SPP 1835: Kooperativ interagierende Automobile/en
Situation assessment and semantic maneuver planning under consideration of uncertainties for cooperative vehicles
An automated, cooperative car must take decisions in a highly dynamic, interacting and only partially observable environment. So far, existing approaches are limited by considering situations only from an egocentric perspective and without considering cooperation aspects with and between other road users. Moreover, due to the high complexity in general only few, often predefined situation aspects are considered.In this project, probabilistic methods for situation awareness and -prediction, as well as the cooperative behavior decision within real traffic and with explicit consideration of cooperation are explored. These are based on the results of the cooperative perception and give input to the cooperative trajectory planning.The inference of relations and interactions between road users with different cooperation levels, in heterogeneous traffic, is addressed by an object-oriented probabilistic relational approach.

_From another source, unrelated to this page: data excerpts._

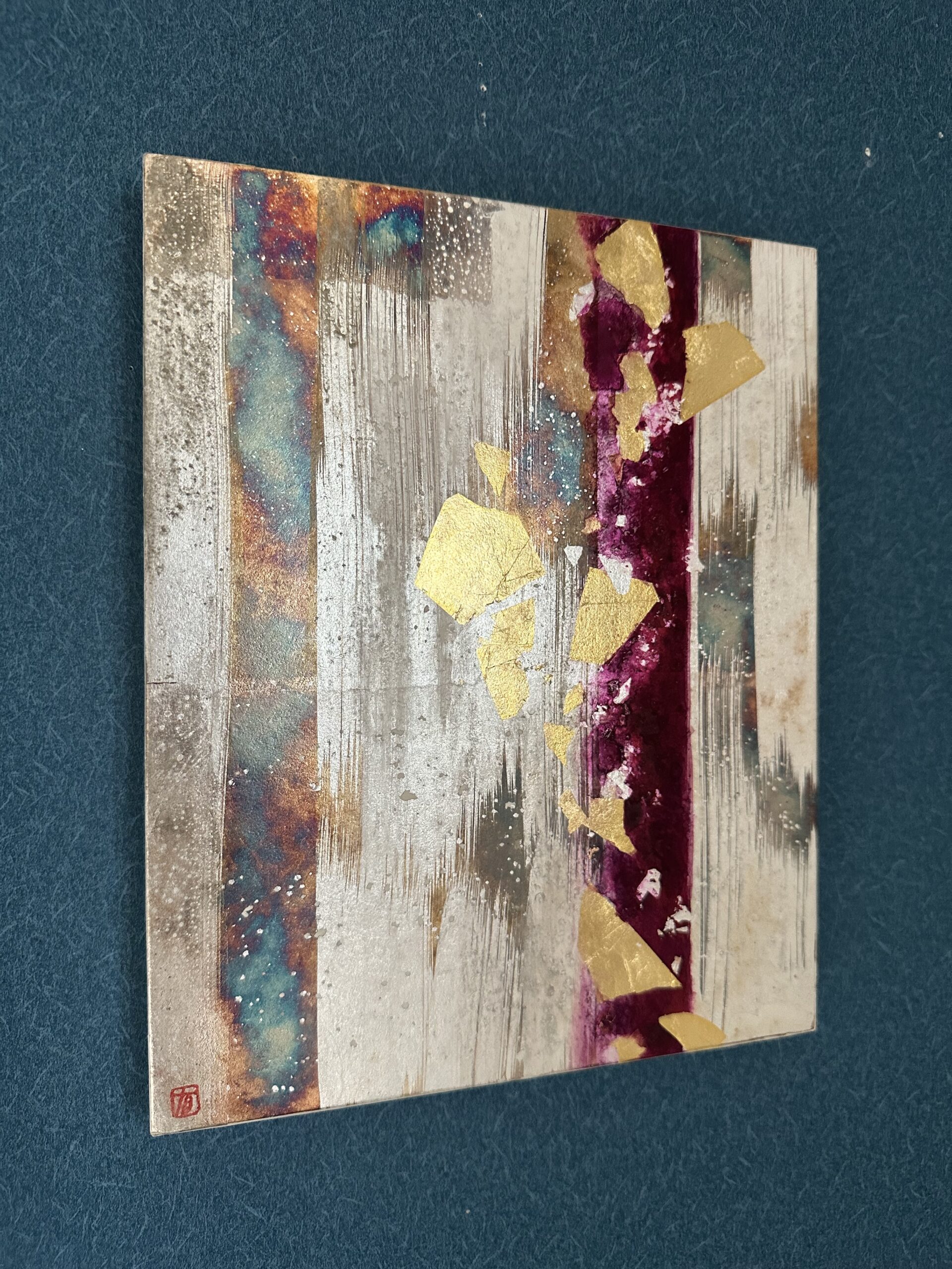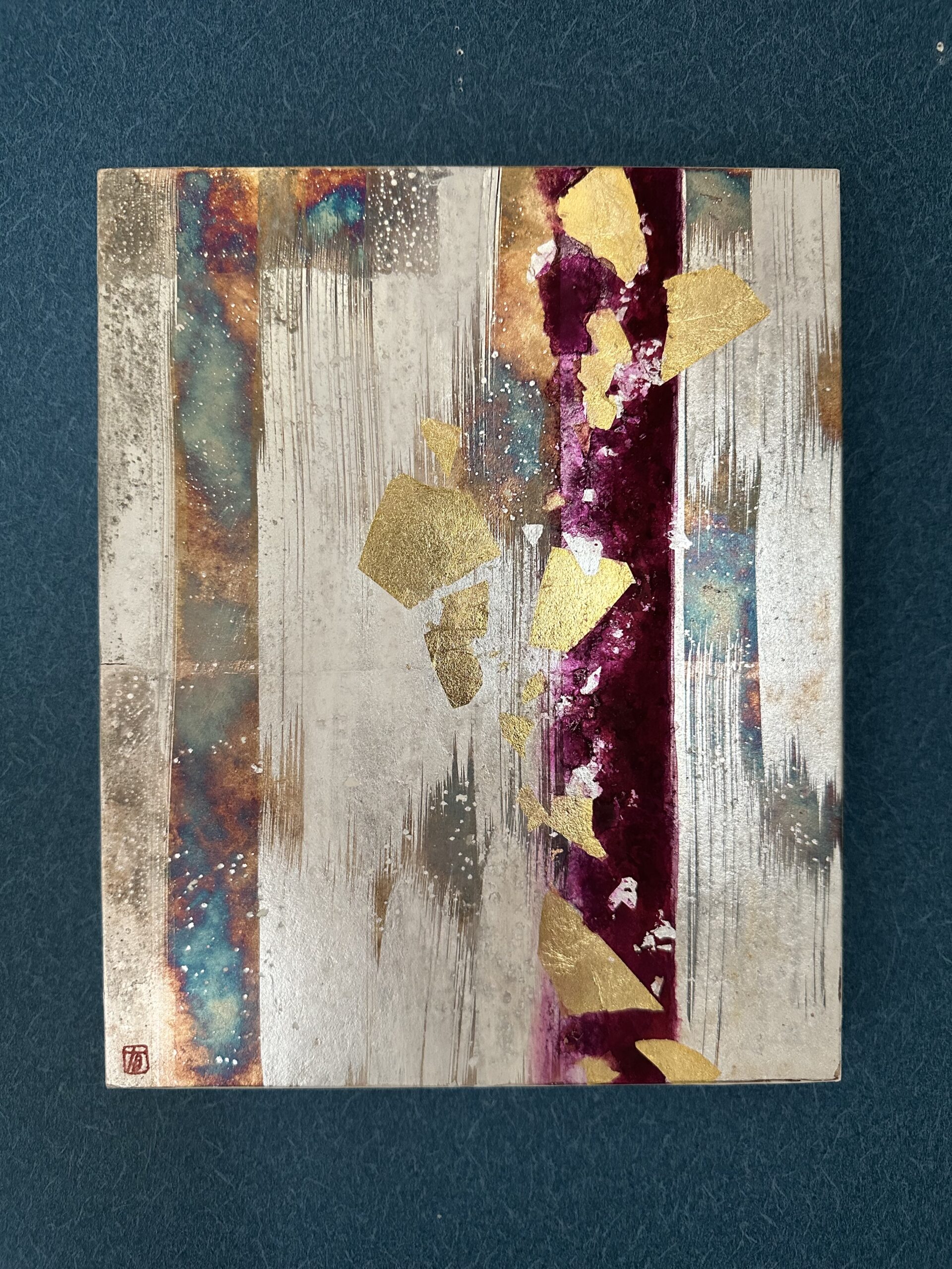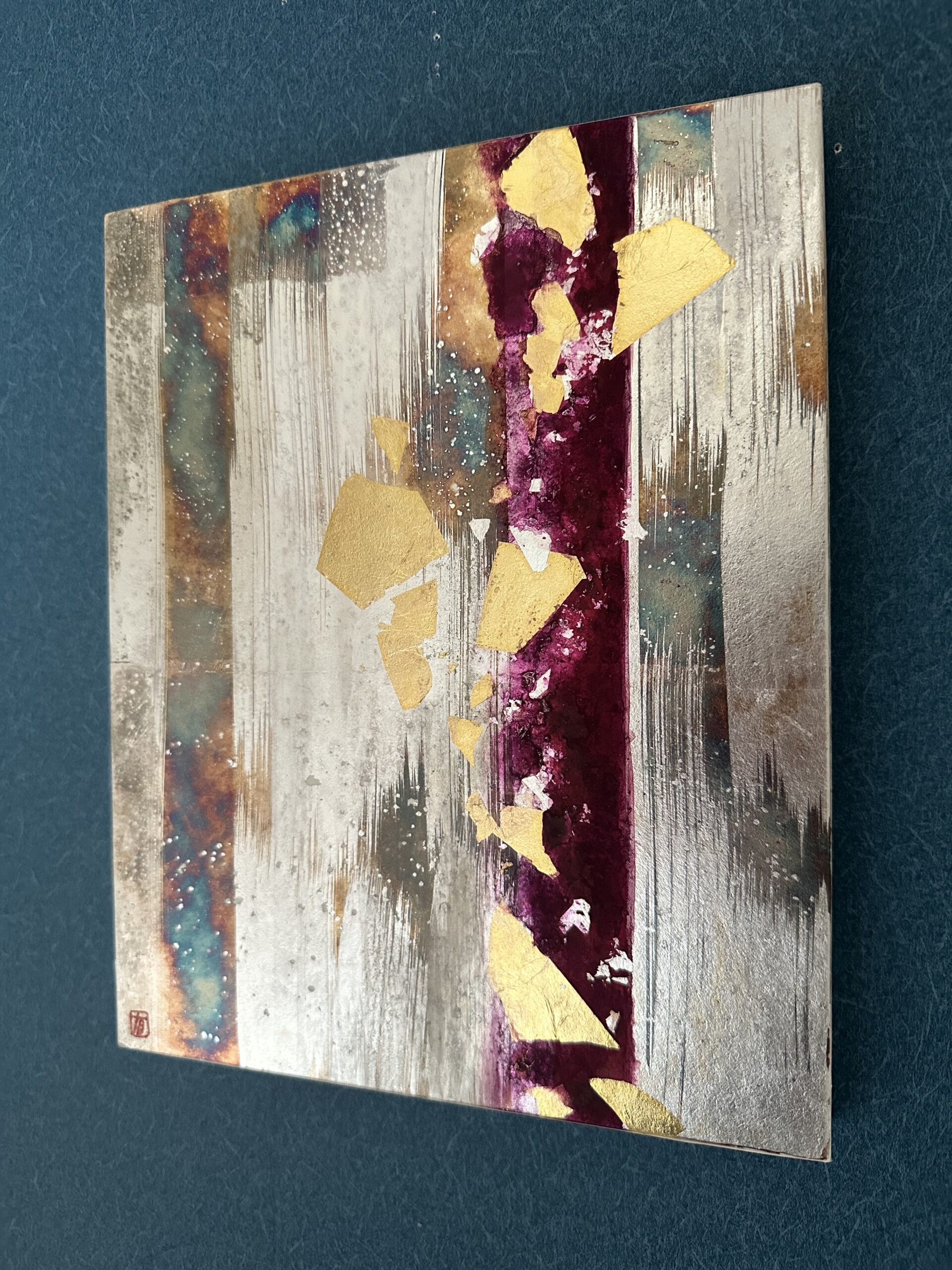 箔を使用した作品は、光のあたり方によって輝き方が変わります。日中の窓から入る自然光、夜の照明の光など、光の違いにより表情がかなり変わります。また、箔の変色を抑えるためのコーティングをしておりますが、時間経過とともに少しずつ色味が変化します。その変化もお楽しみいただけますと幸いです。
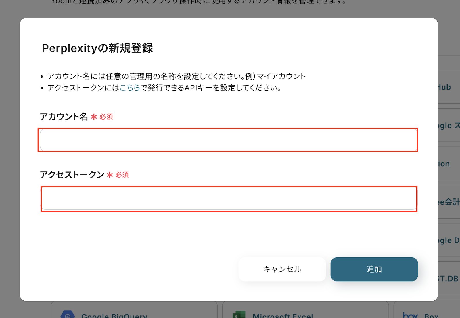 ・Google スプレッドシート、PerplexityのそれぞれとYoomを連携してください。
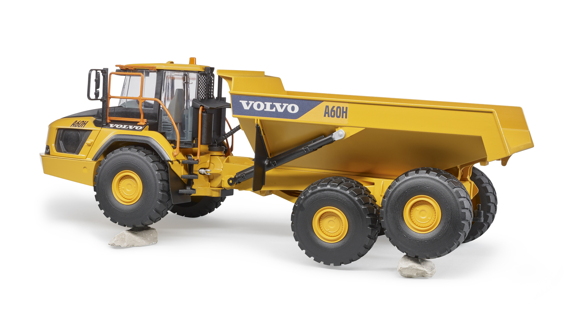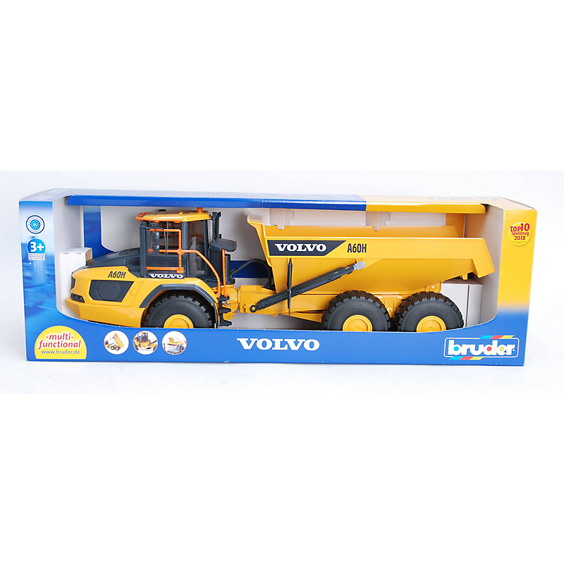 Le camion benne VOLVO A60H garantit des capacités exemplaires grâce à sa direction articulée solide associée à des pneus à ballons massifs. La trappe de toit s'ouvre afin de pouvoir positionner une figurine (non incluse). Le bac à basculement est entièrement fonctionnel ce qui permet de charger et décharger de manière optimale. Camion benne moderne, puissant et de haute qualité. Dim : 46,5 x 18,5 x 26 cm
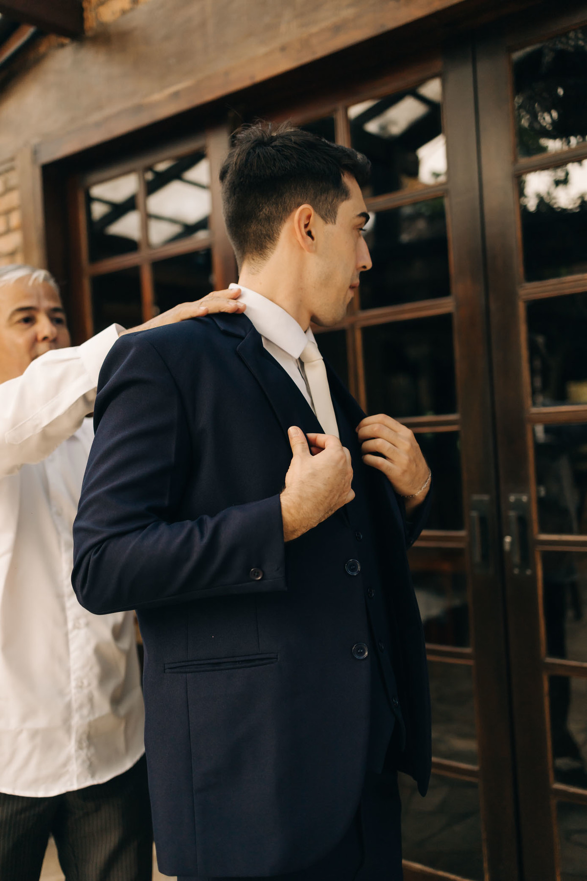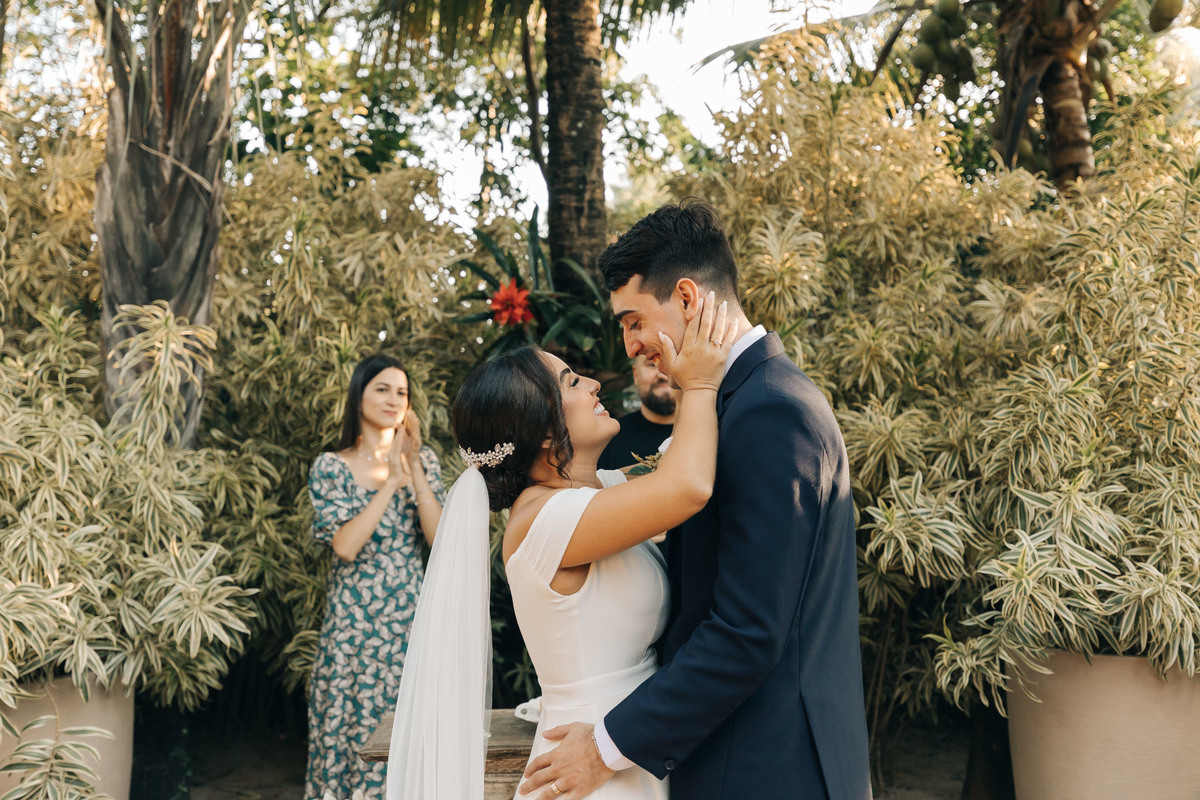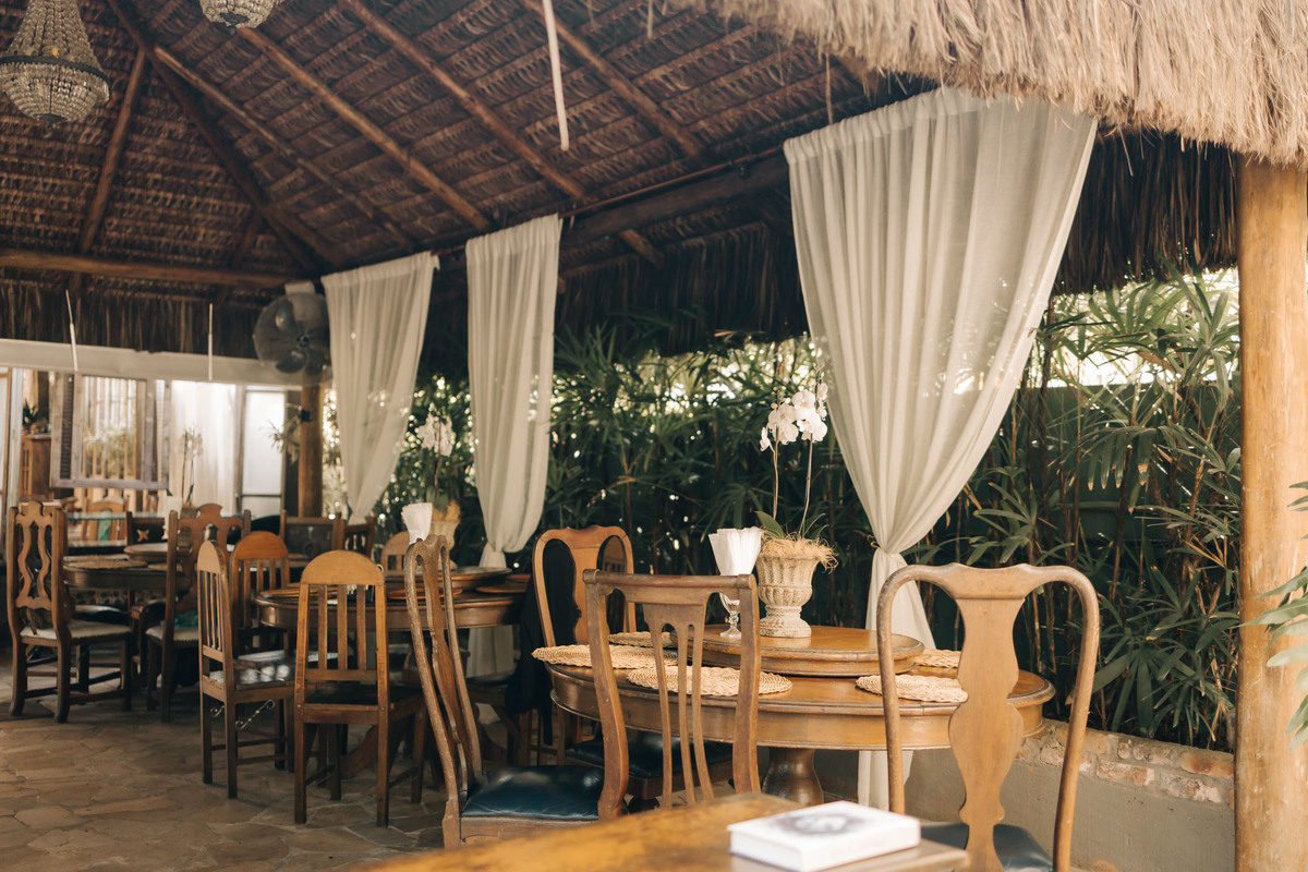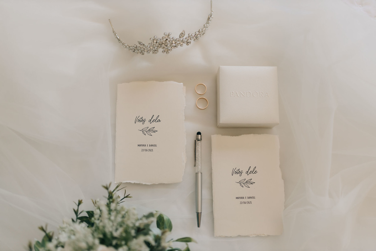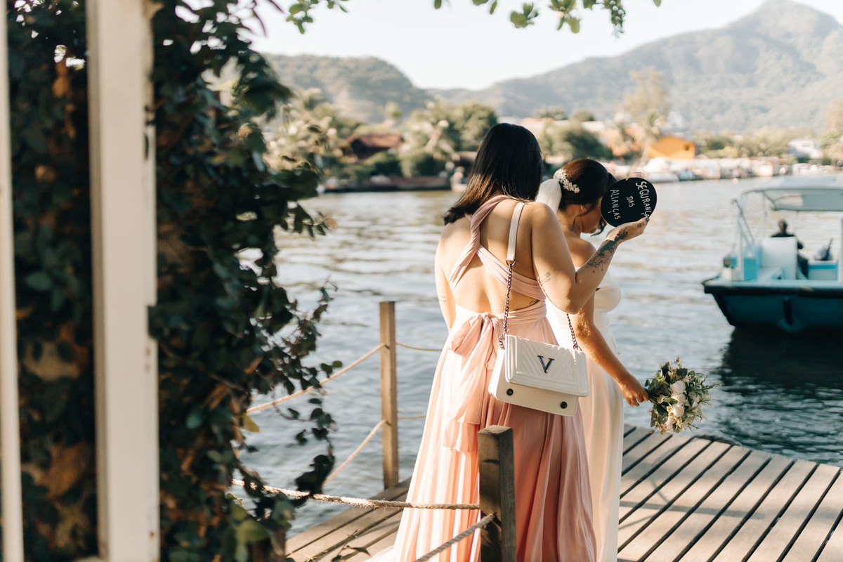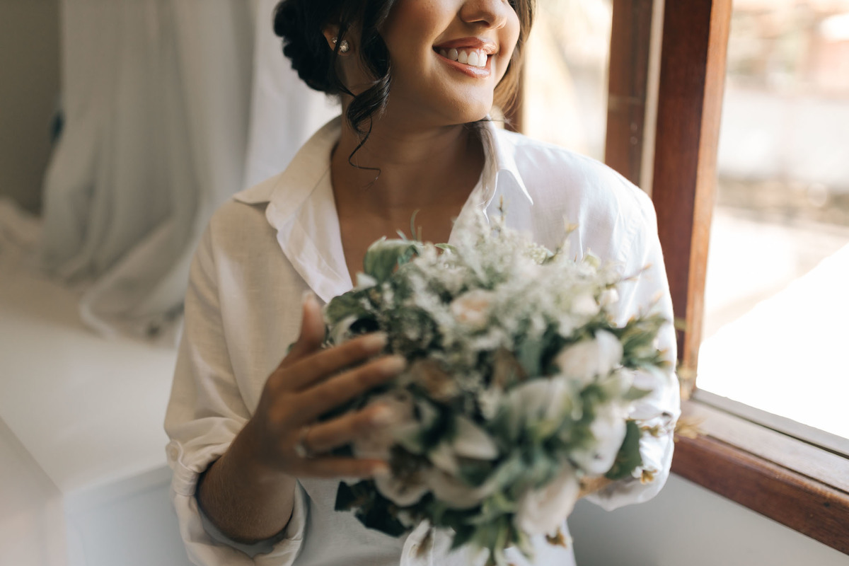 A Mayara me recebeu com os olhos emocionados e cheia de expectativa! Se arrumou em casa com a sua melhor amiga e colocou seu dedinho em cada detalhe da decoração. Ela e o Daniel escolheram se casar em um restaurante, localizado na Ilha da Gigóia;

Especially by considering implicit cooperation the situation assessment will lead to a reasonable behavior. To anticipate the consequences of own maneuvers under uncertainty and cooperation, the cooperative behavior decision has to be formulated as an extended markov decision process. The definition of the planning space as an abstract, semantic space, reduces the complexity for the planning algorithm.For evaluation, a new simulation method will be explored. It automatically derives behaviors of cooperative road users from existing sensor records and synthesis them according to the behavior of the test vehicle.